- Born: Columbus, Ohio, U.S.
- Occupation: Poet, writer
- Education: University of California, Irvine (BA) Indiana University (MLS) University of Delaware (EdD)
- Genre: Non-fiction

Website
- joannbalingit.org

= JoAnn Balingit =

American poet

JoAnn Balingit is an American poet and nonfiction writer who served as the 16th poet laureate of Delaware. Appointed to the position by governor Ruth Ann Minner from May 2008 until 2015, she was the first person of color to hold the title. She is also a reporter for Delaware Online, a subsection of The News Journal, and an adjunct professor at the University of Delaware, where she teaches poetry.

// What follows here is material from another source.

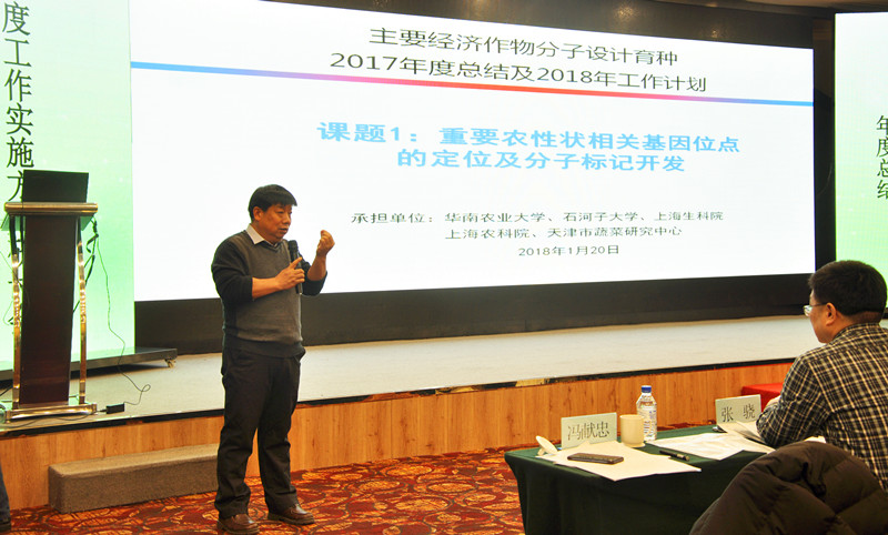 馮獻(xiàn)忠匯報(bào)了項(xiàng)目概況、2017年度項(xiàng)目研究進(jìn)展、2018年度項(xiàng)目實(shí)施方案、項(xiàng)目經(jīng)費(fèi)執(zhí)行情況、項(xiàng)目組織管理情況及項(xiàng)目中存在的問(wèn)題及對(duì)策等情況;天津市蔬菜研究中心魏愛(ài)民研究員、河南大學(xué)的張驍教授、馮獻(xiàn)忠研究員、華南植物園的區(qū)永祥研究員和陜西省雜交油菜研究中心的穆建新研究員分別代表五個(gè)課題匯報(bào)了2017年度課題總結(jié)及2018年度課題工作計(jì)劃實(shí)施方案。針對(duì)各課題的匯報(bào)情況,項(xiàng)目組開(kāi)展了專題討論研究,進(jìn)一步完善了項(xiàng)目和課題的實(shí)施方案。
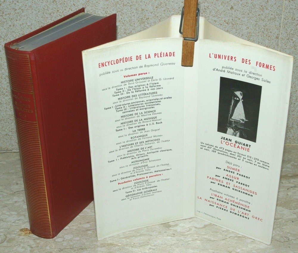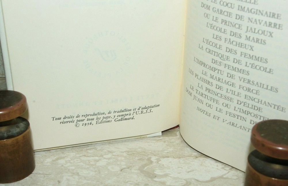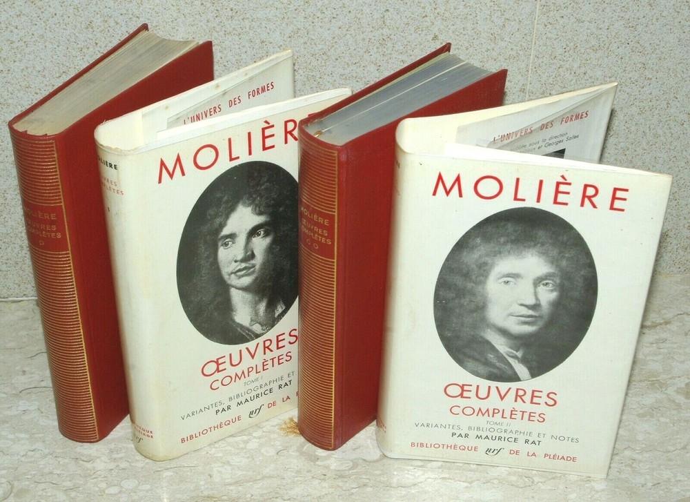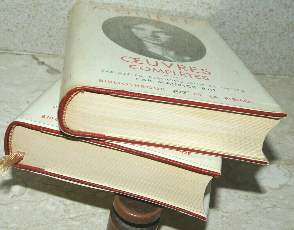 FRENCH TEXT ~ Both volumes of uncommon editions ~ generally as new 1956, flexiboards ; 2nd printings of the 1st editions thus " Moliere Oeuvres Completes I & II: Variantes, bibliographie et notes " par Maurice Rat Published in Paris by Bibliothèque de la Pléiade; Editions Gallimard . ; no stated SBN ; this the 2nd printing of the 1956 1st edition thus. No. d’edition(s): 8565 & 8.675. Depot legal: 2me trimester 1956. Imprime en France. lxv; 898 page & 1049 page, 8vos; 18cm. x 11.5cm.; total unpacked weight: 0.927kg . Perfect red grained faux-leather flexi-boards with crisp gilt titling to perfect uncreased spines; perfect joints and hinges; no bumps or shelf wear; tight square stitched and glued bindings with woven head and tail bands and double ribbon markers; perfectly regular clean text blocks, top edges tinted; clean text (India Paper), sharp page corners, no marking or marginalia; no foxing or discolouration; plain lime laid endpapers; not ex-library. Unread/unopened and generally as issued. The dustwrappers are in perfect condition and not faded, enclosed in original clear visene loose covers. Comes with the original light card slipcases which are split, repaired and edge rubbed and one with the top edge missing. Registered and trackable shipping is included in the price and therefore shown as FREE to any destination world-wide. . In wrapping and sealed customised high density expanded polystyrene encapsulation. Sent Priority Airmail registered and trackable. Delivery to UK & Europe (excepting Italy, Portugal & Spain ) is often effected within 9 days and in normal circumstances to major cities in the USA in around 14 working days . (UK mail sometimes 5 working days). This is coming to you from CYPRUS in the EASTERN MEDITERRANEAN - Some 6,0 00 miles distant from the USA Cyprus is a member of the E.U.

Balingit is the author of the book Words For House Story, a poetry collection featured in Beltway Poetry Quarterly, a Washington D.C.–based Literary Journal. She also wrote two award-winning chapbooks, Forage and Your Heart and How It Works, which explore female identity and Philippine ancestry. More of her published work can be found in anthologies such as No Place Like Here: Southern Delaware Poetry and Prose and On the Mason Dixon Line: Contemporary Delaware Writers.

== Personal life ==
Balingit was born in Columbus, Ohio, to a German American mother and a Filipino immigrant father as the third eldest of twelve children. She later moved to Lakeland, Florida, where she was raised. She earned her B.A. in English Literature from University of California, Irvine, went on to complete a M.L.S. from Indiana University and earned her Doctorate in Education from the University of Delaware.

She currently resides in northern Delaware. She has four children: Savannah, Bahiya, Adrian, and Julian.